# Second Law of Thermodynamics

The second law of thermodynamics states that there exists a valuable physical quantity, called entropy, that increases during a natural and spontaneous process. Its change is zero for a reversible process. The second law is also known as the law of increased entropy [1-4].

The second law quantifies energy and asserts that a process has a specific direction. The first law does not predict the direction of the process nor guarantee that the process will occur. Thus, the second law was developed to ascertain if a process will happen or not, which is only possible if it satisfies both the first and second laws.

Several eminent scientists have contributed to the second law. These include French physicist Sadi Carnot, German physicist Rudolf Clausius, and Scottish-Irish physicist Lord Kelvin.

## Equation

To understand the second law equations, we must first know the mathematical form of entropy. When a system goes from one state to another, its entropy change (ΔS) is defined as the amount of heat (Q) exchanged divided by the temperature (T) at which the exchange takes place [1,3-5].

ΔS = Q/T

Therefore, the change in entropy for the system and the surroundings are given as follows:

(ΔS)sys. = Qsys./T

(ΔS)surr. = Qsurr./T

The total entropy change is the sum of the entropy changes in the system and the surroundings. This total is the entropy change of the universe.

(ΔS)univ.= (ΔS)sys. + (ΔS)surr.= Qsys./T + Qsurr./T

Reversible Process

For a reversible, isothermal process, the heat lost by the system equals the heat gained by the surroundings. Similarly, the heat gained by the system equals the heat lost by the surroundings. Therefore,

Qsys. = – Qsurr.

Hence,

(ΔS)univ. = Qsys./T – Qsys./T = 0

Thus, for a reversible, isothermal process, the entropy change of the universe is zero.

Irreversible Process

If the process is irreversible, then the heat absorbed by the system from the surroundings is given by

Qirrev. = nRT ln (V2/V1)

Where

V1: Initial volume of the system

V2: Final volume of the system

T: Temperature at which volume change occurs

R: Universal gas constant (R = 8.314 JK-1M-1)

n: Number of moles

We assume the system is an ideal gas that expands upon absorbing heat. Then, the entropy change of the universe is

(ΔS)univ. = Qirrev./T = (nRT ln (V2/V1))/T = nR ln (V2/V1)

Which is greater than zero since V2 > V1. Therefore,

(ΔS)univ. > 0

If we combine both processes, we get the entropy change of the universe.

(ΔS)univ. = (ΔS)sys. + (ΔS)surr. ≥ 0

The above inequality implies that (ΔS)univ. is zero for a reversible process and increases for an irreversible process. The increase in entropy is because there may be work done on the system, resulting in friction and viscosity. Alternatively, there may be a chemical reaction occurring. The second law of thermodynamics leads us to conclude that disorder in the universe is increasing over time.

## Example

To understand the second law with an example, let us consider a typical irreversible process from real life [2,4,5].
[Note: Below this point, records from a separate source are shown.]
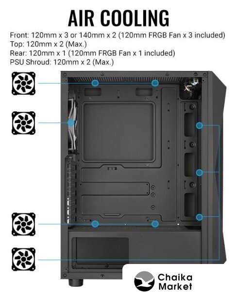 | Конфигурация вентиляторов | Передняя панель: 120 мм x 3 или 140 мм x 2 (Вентиляторы 120 мм FRGB включены x 3)Верхняя панель: 120 мм x 2 (Макс.)Задняя панель: 120 мм x 1 (Вентиляторы 120 мм FRGB включены x 1)Кожух блока питания: 120 мм x 2 (Макс.) |
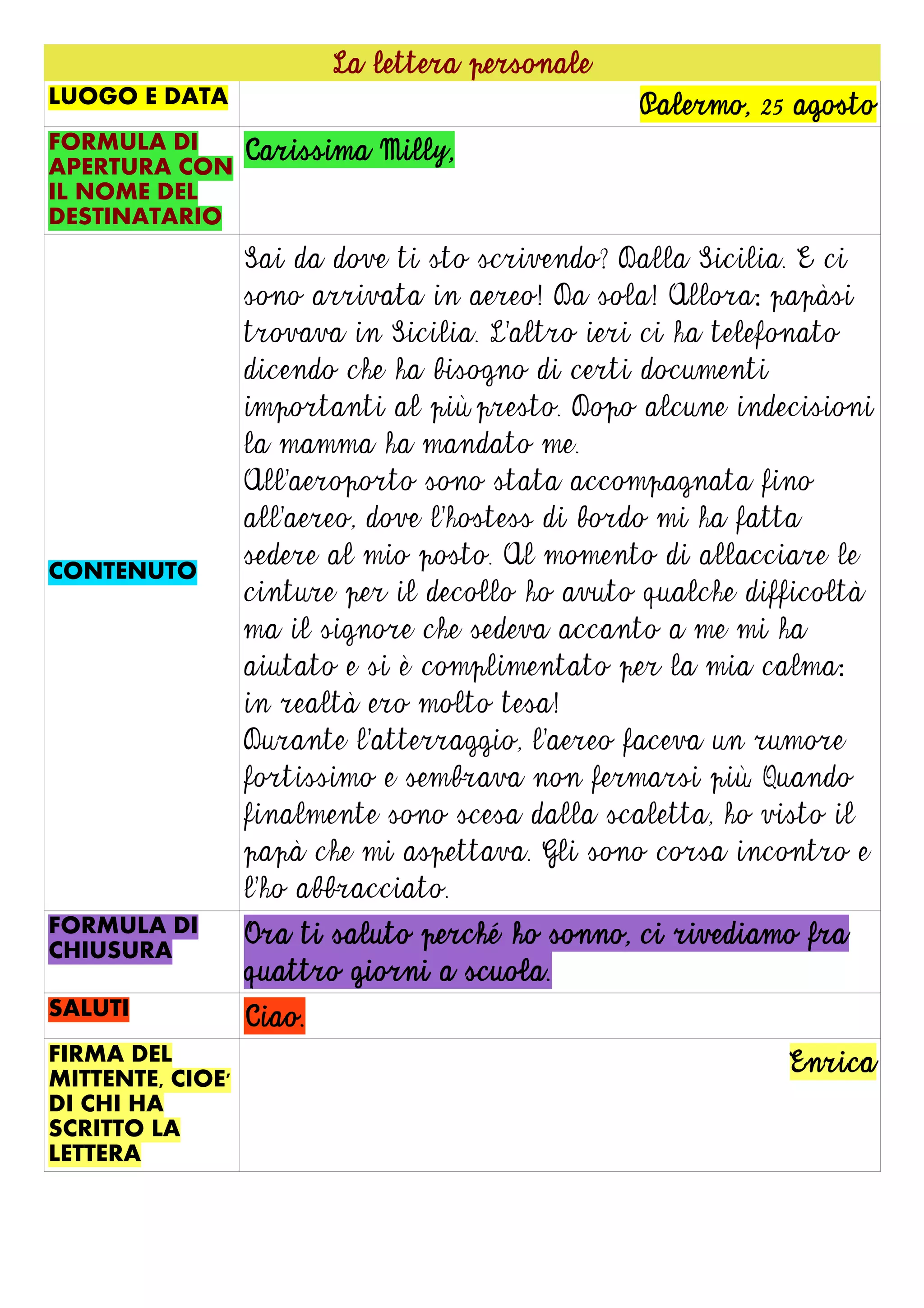 La lettera è scritta da Enrica, che racconta della sua recente visita in Sicilia per portare documenti al padre. Dopo un viaggio in aereo da sola, con qualche difficoltà durante il decollo e l'atterraggio, è finalmente arrivata e si è riunita con il padre. Conclude la lettera dicendo di avere sonno e di rivedersi tra quattro giorni a scuola.
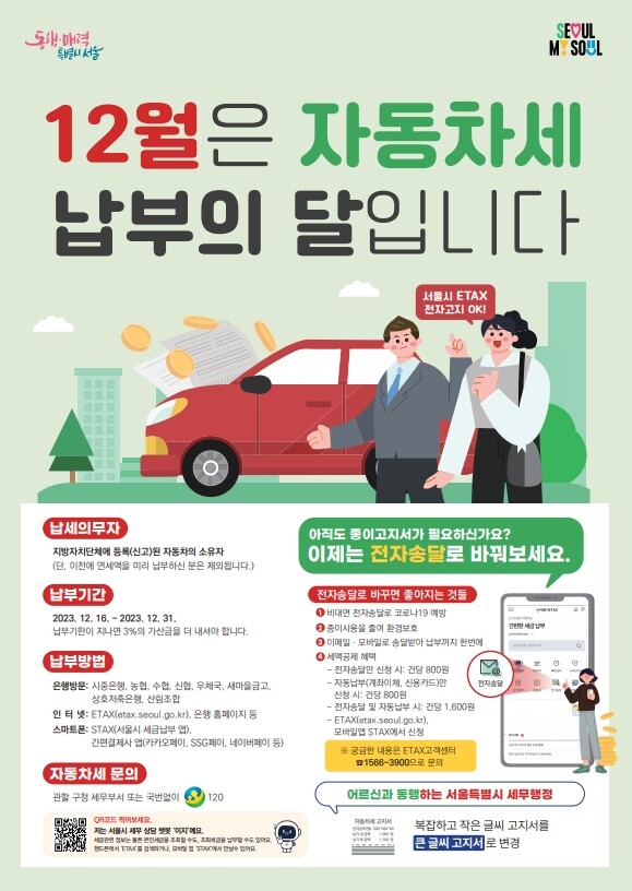 납부는 2024년 1월 2일까지 은행, 인터넷뱅킹, 에이알에스(ARS), 서울시 지방세 인터넷 납부시스템, 스마트폰 서울시 세금납부(STAX) 앱을 통해 할 수 있다.
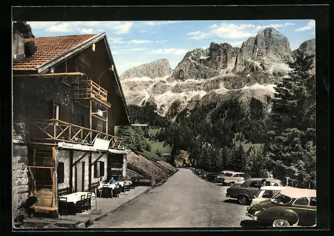 AK Karerpass, Tscheinerhütte mit Gebirgsblick
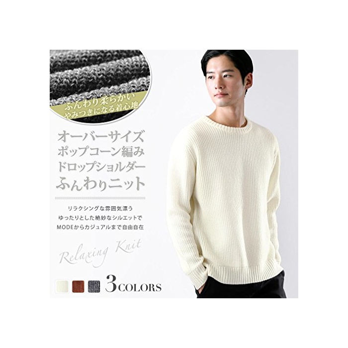 원본상품명: (モノマト) MONO-MART オバサイズ スリット ポップコン編み ニット セタ ウルブレンド メンズ オフホワイト Lサイズ
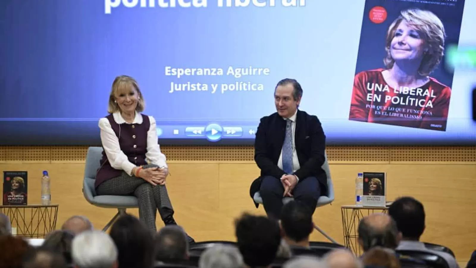 Tras el turno de preguntas y antes de proceder a la firma del libro para todos los asistentes que así lo deseasen, Esperanza Aguirre ha acabado la intervención proclamando: "¡Viva la libertad, carajo! ¡Viva España! ¡Viva el Rey!".
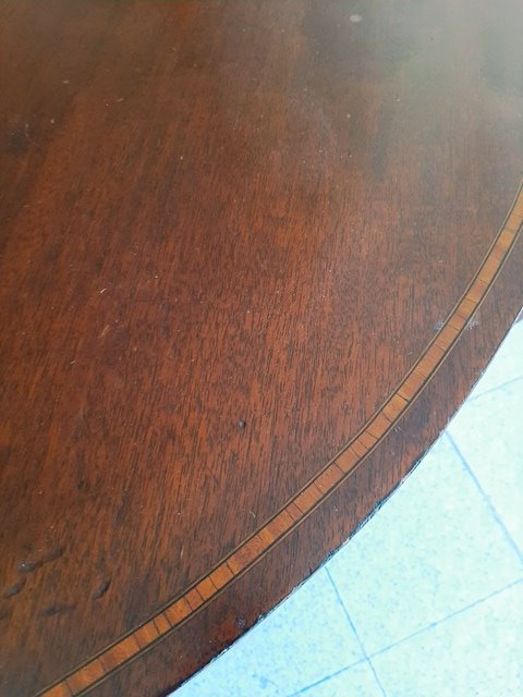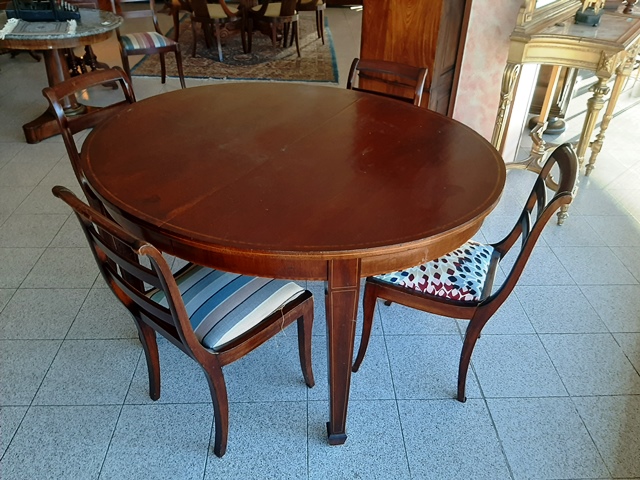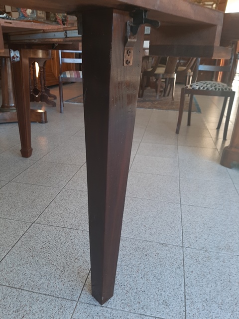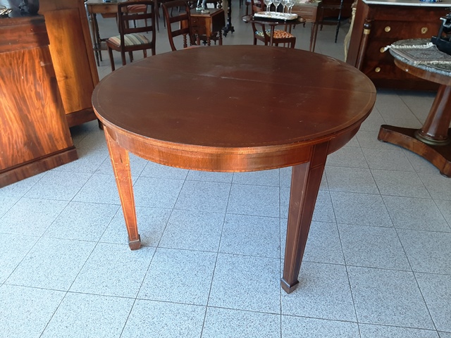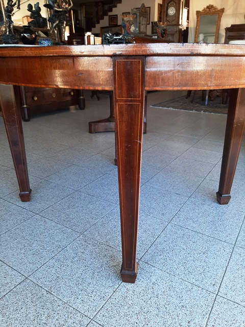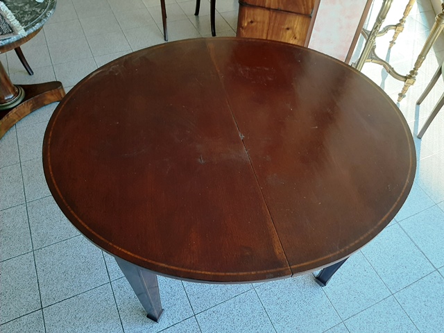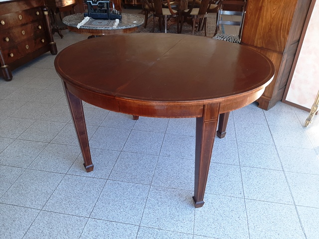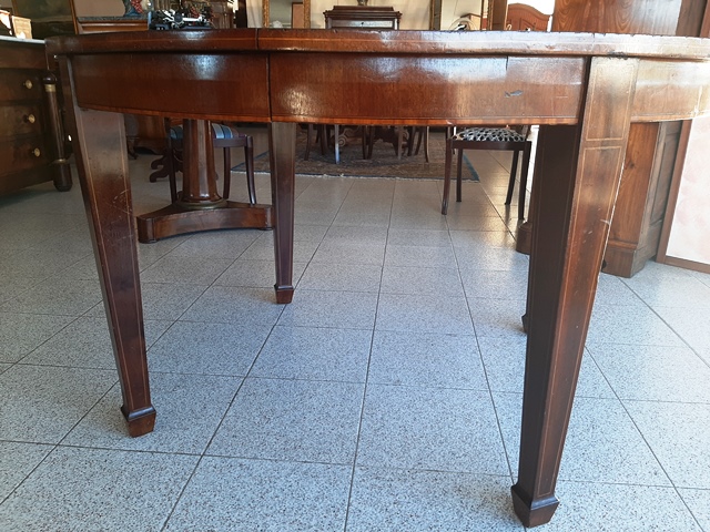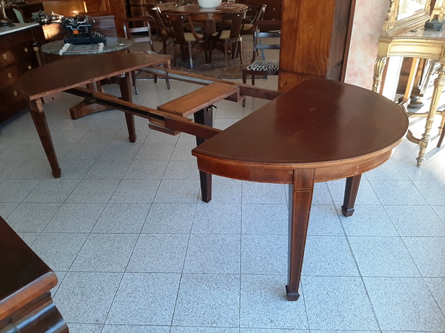 in mogano, epoca '800 con filettatura, stile Luigi XVI .Dimensioni: Lunghezza da chiuso 130 cm - Lunghezza da aperto 247 cm - Larghezza 115 cm - Altezza 77 cm
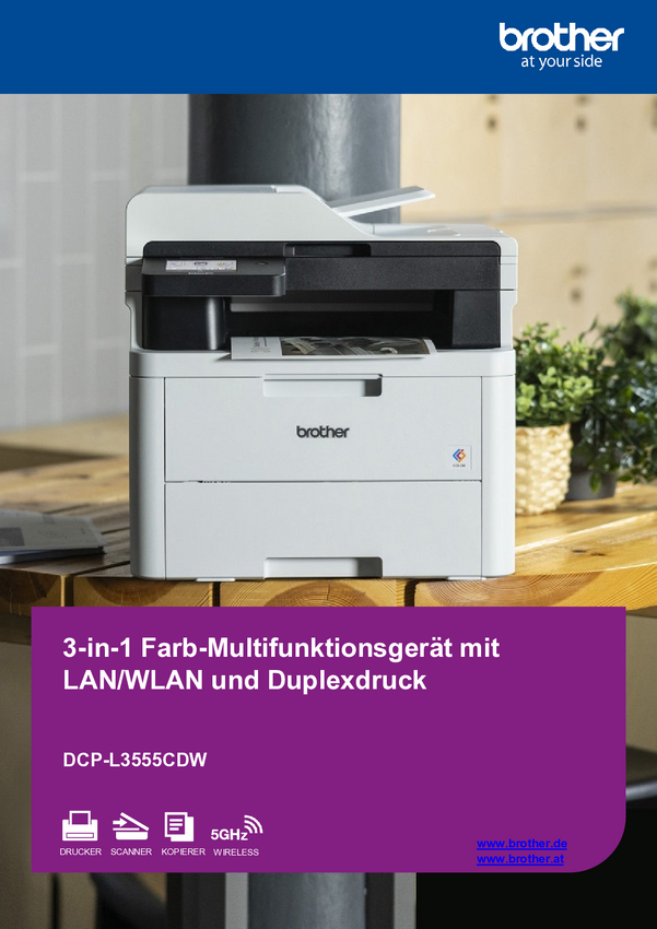 Brother DCP-L3555CDW Drukarka wielofunkcyjna LED druk kolorowy A4 drukowanie, skanowanie, kopiowanie Duplex, USB, WLAN,
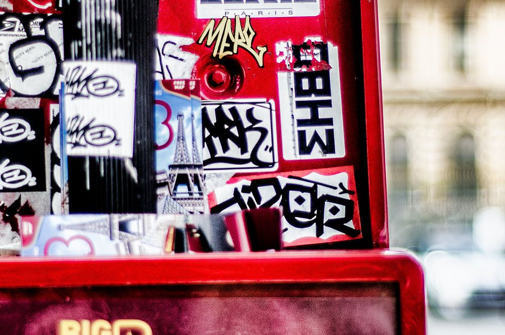 Autocollants collés à l'arrière d'un arrêt de bus à Paris
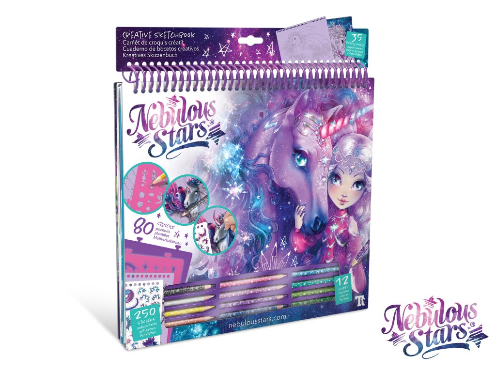 Vytvářejte magické a úžasné kresby fantasy koní, kteří budou jako stvořeni ke skotačení mezi hvězdami. Využijte množství různých nálepek, šablon a technik, které vám pomohou vytvořit koně vašich snů.
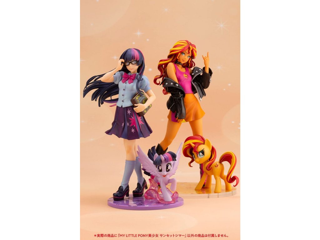 Bývalá žiačka princeznej Celestie, Sunset Shimmer, ktorá utiekla z Canterlotu a vydala sa vlastnou cestou, sa teraz pripája k línii MY LITTLE PONY BISHOUJO! Sunset Shimmer je veľmi obľúbená postava, ktorá si získala srdcia fanúšikov MY LITTLE PONY od svojho prvého vystúpenia v MY LITTLE PONY: EQUESTRIA GIRLS. Táto soška verne kopíruje pôvodný dizajn postavy, od charakteristicky sfarbených vlasov až po detaily pri reprodukcii jej siluety. Rovnako ako predchádzajúce sošky MY LITTLE PONY BISHOUJO, ktoré boli predtým vydané, riasy poníka dodávajú celej soške veľa života. Sunset Shimmer je zobrazená v jazdeckej bunde s nebojácnym úsmevom na tvári. Je toto vyobrazenie Sunset Shimmer pred tým, ako sa dozvedela o kúzle priateľstva? Alebo možno zobrazuje Sunset Shimmer po tom, čo sa naučila o "priateľstve". To už nechávame na vašej fantázii! Nezabudnite túto sošku umiestniť vedľa Twilight Sparkle a princeznej Celestie a rozšíriť tak svet MY LITTLE PONY. * Táto reprodukcia bude mať inú cenu ako pôvodná verzia.Dodatočné parametre
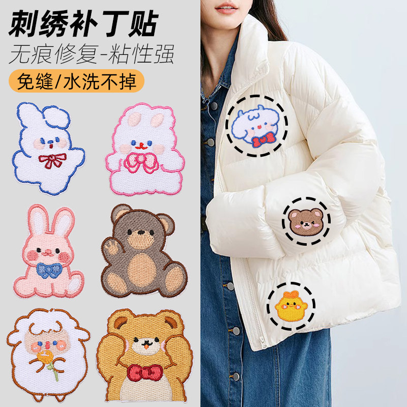 衣服刺绣布贴自粘羽绒服补丁贴儿童图案裤子破洞修补贴免缝可缝
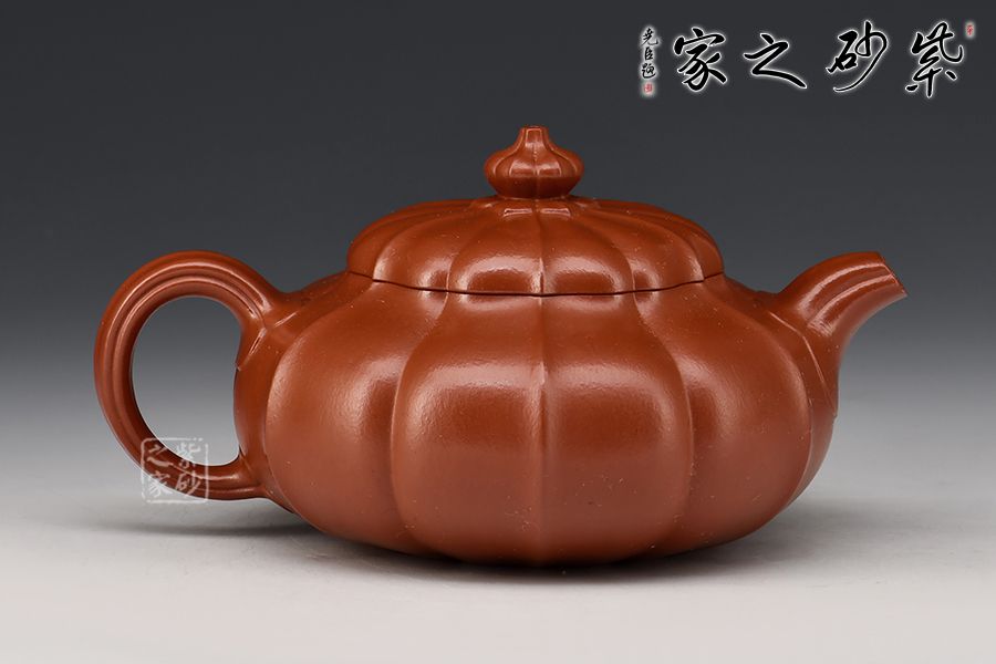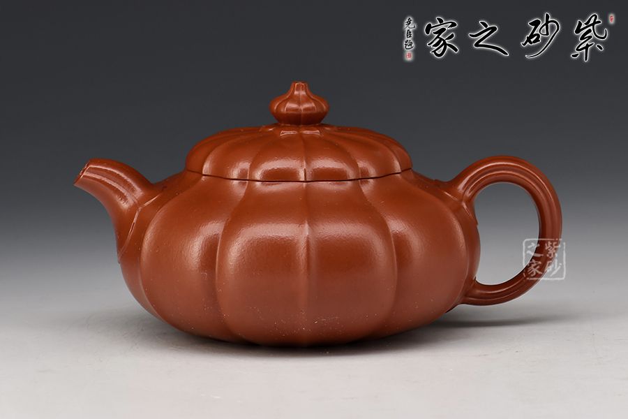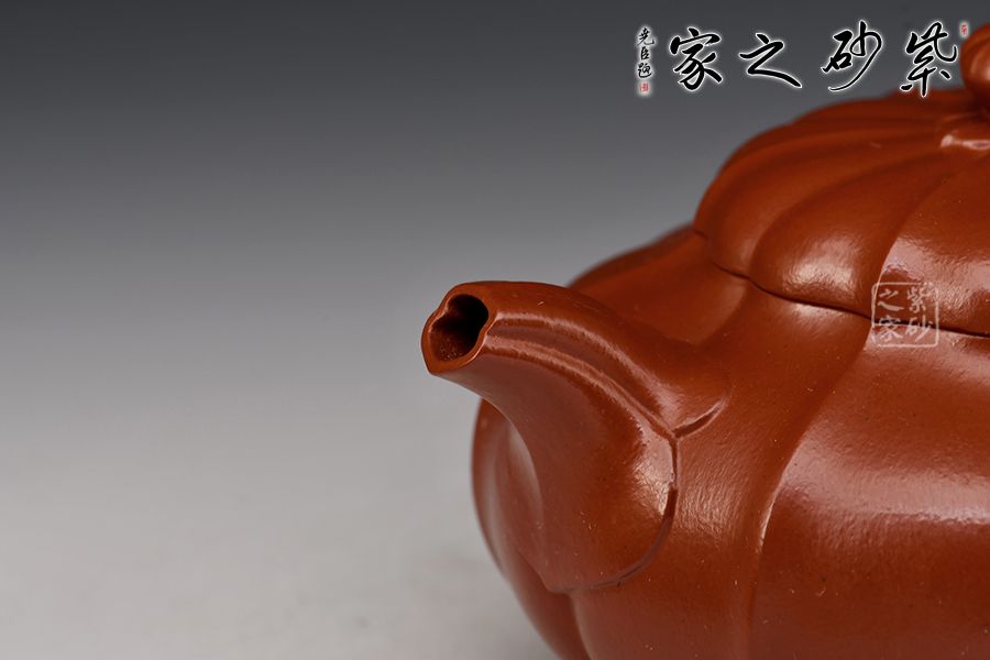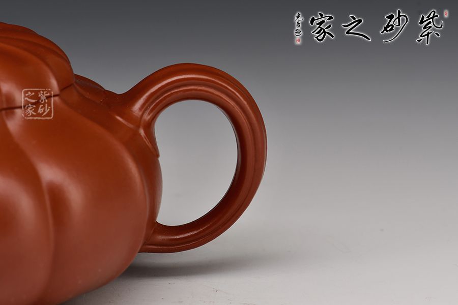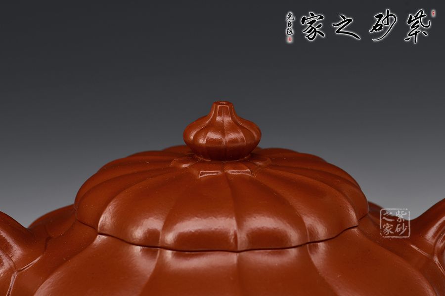 此壺采用原礦朱泥制成,泥質(zhì)細(xì)膩,色澤紅艷亮麗,整器為筋紋器,壺身、壺蓋及壺鈕均以筋紋貫穿,分布均勻,上下線條完美吻合,口部與半球狀蓋相切,口蓋較大,實(shí)用性特別強(qiáng),一彎流自壺腹胥伸自然,把高挑圓潤(rùn)下留垂耳,與流對(duì)應(yīng)稱勢(shì)。整器溫潤(rùn)透明、質(zhì)感絕佳!

Suppose a hot object is put in contact with a cold object. Heat flows from the former to the latter, so the two come to thermal equilibrium. Now, suppose the two are separated. Would they return to their original temperatures? No. Thus, bringing them to the same temperature is irreversible; entropy will increase.

## Alternative Statements of the Second Law

The second law of thermodynamics has two alternative statements [3,5].

1. Clausius Statement: “It is impossible to construct a device that, operating on a complete cycle, produces no effect other than transferring heat from a cold body to a hot body.”
2. Kelvin-Planck Statement: “It is impossible to construct a device that, operating on a complete cycle, produces no effect other than converting heat directly into work.”

An application of the second law lies in heat engines and refrigerators. The second law places theoretical limits on the performances of these machines. Kelvin-Planck statement implies that no heat engine can have a thermal efficiency of 100%; otherwise, it would violate the second law. For example, a diesel engine has a thermal efficiency of 30%.

In nature, heat flows from a high-temperature region to a low-temperature region, as in the case of a heat engine. The reverse is not possible naturally; otherwise, the second law will be violated. However, a refrigerator can transfer heat from low to high temperatures, aided by work. According to Clausius statement, a refrigerator will not operate unless an external force drives its compressor to perform the desired work.

Any machine that violates the second law of thermodynamics is called the perpetual motion of the second kind.